My first impulse was to mentally kick myself. That should have been me! I’m younger, I was right here; why didn’t I help? But then a warming thought sprouted in my heart: “Isn’t it nice that when you were distracted, someone else stepped up and did it? That you don’t have to always be the one to help?” Oh gosh, yes. Yes, it is. The world would be in dire straits if we all depended on one person to get all the problems fixed. There are too many people and problems in the world, I don’t have enough time, and then there are things like having the right skills or prior personal connection or being in the right place at the right time—the whole idea is ludicrous. On a more sober note, helping other people is something everyone needs--as much as I love it, it’s incredibly good for /everybody/ to get the opportunity to practice seeing other people’s needs, extending themselves for them, and feeling happy when somebody else is happy. That fulfills a part of our humanity. That's the way we were made.

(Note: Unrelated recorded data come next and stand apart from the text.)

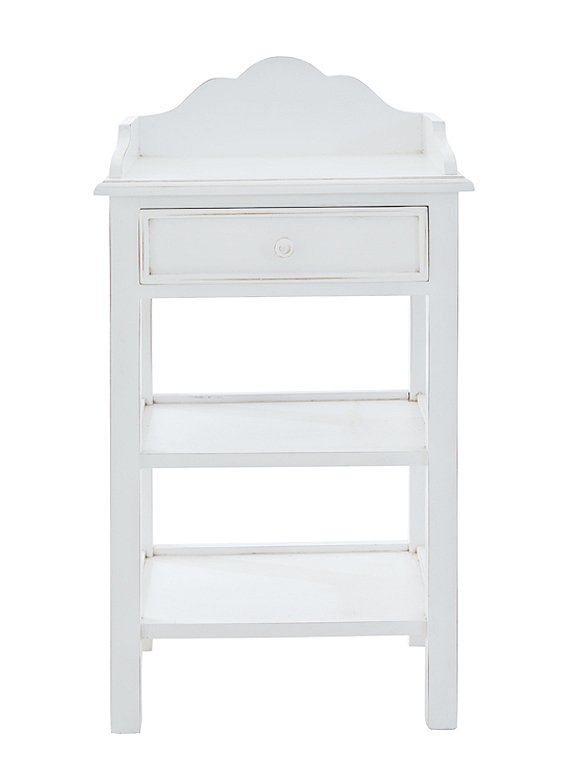 Klein und fein - toller Beistelltisch im Landhausstil. Das süße Tischchen passt prima neben das Bett oder dient als Ablage im Flur. Er hat zwei Ablagefächer und eine praktische Schublade für jede Menge Kleinigkeiten, so ist schnell alles verstaut und die Ordnung wirder hergestellt. Der weiß gestrichene Tisch ist sensibel aus Mahagoniholz gearbeitet und hat an der Rückseite einen schönen, dekorativen Schwung. Im Antiklook (geschliffene Kanten) gefertigt, wird er fertig montiert geliefert.
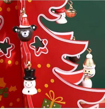 JiangMuXin木製クリスマスツリー テーブル 木製 木製クリスマスツリー ミニツリー ファッション 北欧 小型 22cm ミニツリー DIY クリスマス プレゼント キッズ おもちゃ クリスマス 装飾 装飾品 インテリア (赤)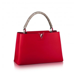 It was on the Rue des Capucines in Paris that the first Louis Vuitton store opened its doors. As timeless as the House itself, the Capucines bag brings chic sophistication to any look. Full-grain Taurillon leather combines with precious python ayers to create a luxurious handbag accented with heritage details: the LV initials, the distinctive side rings and the subtle Monogram flower on the closing flap. Its capacious interior makes the bag an ideal companion for a day of business or shopping.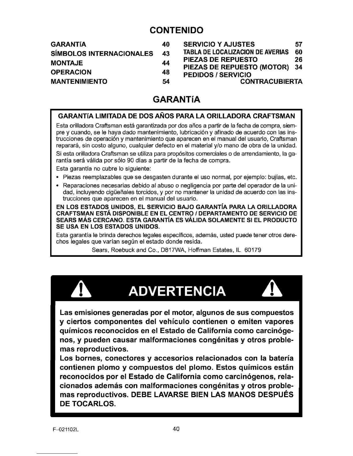 trucciones de operaci6n y mantenimiento que aparecen en el manual del usuado, Craftsman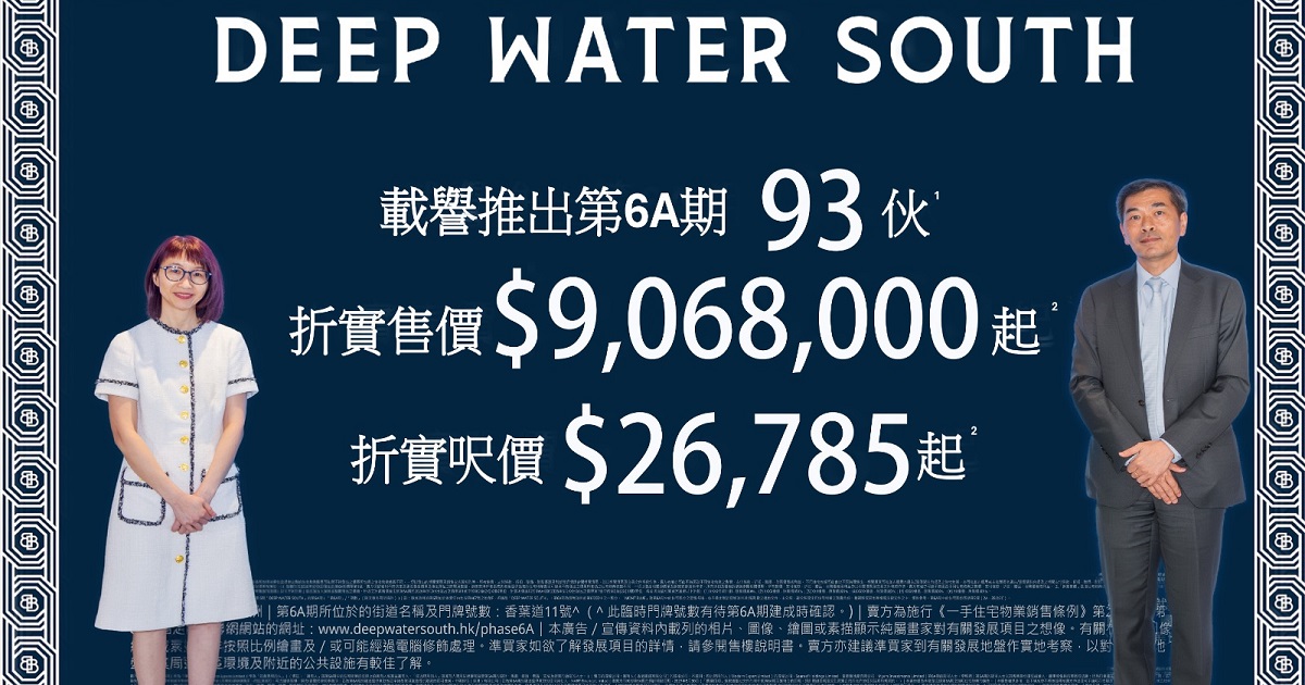 會德豐地產與港鐵(00066)合作的港島南岸第6A期DEEP WATER SOUTH,最快24小時內公布首張價 ...全文

Moving on, the end of my story: I got to have my private moment when I needed it, and still someone was helped. It was a wonderful moment that that man will never realize happened. And I wanted to mention it because this weekend, realizing that what I wanted for my birthday wasn't to have something so much as to be something, I drove down to Bluff Springs to help Austin Disaster Relief and Mormon Helping Hands with the cleanup from the flood a few weeks ago--in time to see tired volunteers coming back after having worked all day ripping up tile and cutting down rotting drywall and insulation. I didn't get to do very much myself, but it was a heartening thing to see how many people willingly came from all over for this, many who'd only heard about the event by word of mouth or because it was mentioned at their churches. People who did really physically demanding stuff, and people who did mundane, non-ego-validating stuff. Like honeybees together, wonderful things happen: not because the task isn't monumental, but because when people care more about their community than their own convenience they can chip away at those things that are ugly and hard and with imperceptible work make grand improvements. You know who you are, even if I don't, and you're the reason the world is a beautiful place. =) 

Thanks to all those who serve. You give me the ability to do good and the strength that I follow.